Madame Scotia, Madam Scrap
A BOOK about Argyll harpist Héloïse Russell-Fergusson, aka Madame Scotia, Madam Scrap, by her niece Hèléne Witcher will be launched at Waterstones in Oban on February 10 at 2pm, writes Aidan Donaghy.
The book reveals the life of Héloïse, a musician born in Glasgow and raised partly at Ardtur, in Port Appin, pictured right. In the early 1920s she saw a Celtic harp in a Washington DC shop window, and instantly bought it, saying: ‘It seemed no stranger.’ It triggered a lifetime of learning and performance, as she devoted the rest of her life to learning about and sharing the traditional songs of the Hebrides with audiences from Finland to Bali and Cairo to New York.
Fascinated by the ways in which people use music universally to reflect their beliefs and respond to their surroundings, Héloïse brought back early understandings of world music that startled the conventional clarsach playing community of the 1960s.
Well known in pockets across the world, there is widespread curiosity about her story and a burgeoning awareness amongst musicologists and musicians of the al- most prophetic quality of her later work. Her memory is cherished especially in Brittany where she was and remains, feted for introducing the harp and for her contribution to Celtic music.
Her fearless determination combined with a sense of mischief and sometimes eccentric creativity allows this memoir to be held in high regard in places where her work is cherished the most.
Her story sits proudly beside those of many extraordinary Scottish women whose lives are only now being recognised. Simon Chadwick, early Gaelic harp specialist, said: ‘She was one of the most original and creative of the Scottish harpists in the 20th century.’
Written by her niece, Madame Scotia, Madame Scrap aims to capture the essence of an intensely private yet very public woman and in doing so secures her position in Scotland’s musical history.

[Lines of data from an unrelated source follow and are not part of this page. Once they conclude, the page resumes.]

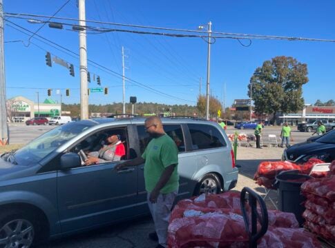 Augusta Mayor Garnett Johnson and staff handed out bags of Georgia-grown sweet potatoes to long lines of locals, Saturday morning.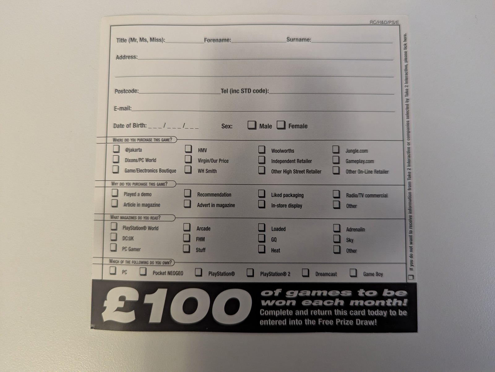 Home / Paperwork / Take 2 Saxon House Registration Card Take 2 Saxon House Registration Card Found In This item hasn't been documented in any releases yet.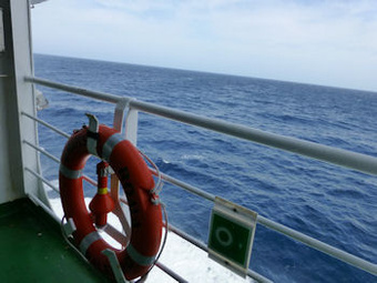 よって、窓から流れる波を見て、進んでいる船に乗った事実を確認しただけで、まずはほっとする。

Witcher, pictured above left, says: ‘Héloïse was indifferent to belongings, had no house of her own and used her car as a garden and as a recording studio. Winkling out her story I found my grandparents; her Clyde shipbuilding father, her pig farmer mother who left for Africa with Crichton her butler in the 1930s, and her youngest sister dancing in Aberdeenshire with a troupe led by one of the first recognised transgender individuals in Scotland.
‘Unravelling the strands of her life and meeting those who had known her and who respected her work, helped me address my own struggle over whether and where I fitted. Despite a disconcerting ambivalence about my vote during the independence referendum, she helped to confirm, eventually, my sense of belonging in 21st century Scotland.’
Witcher signing at the book launch and will give a short talk about her aunt.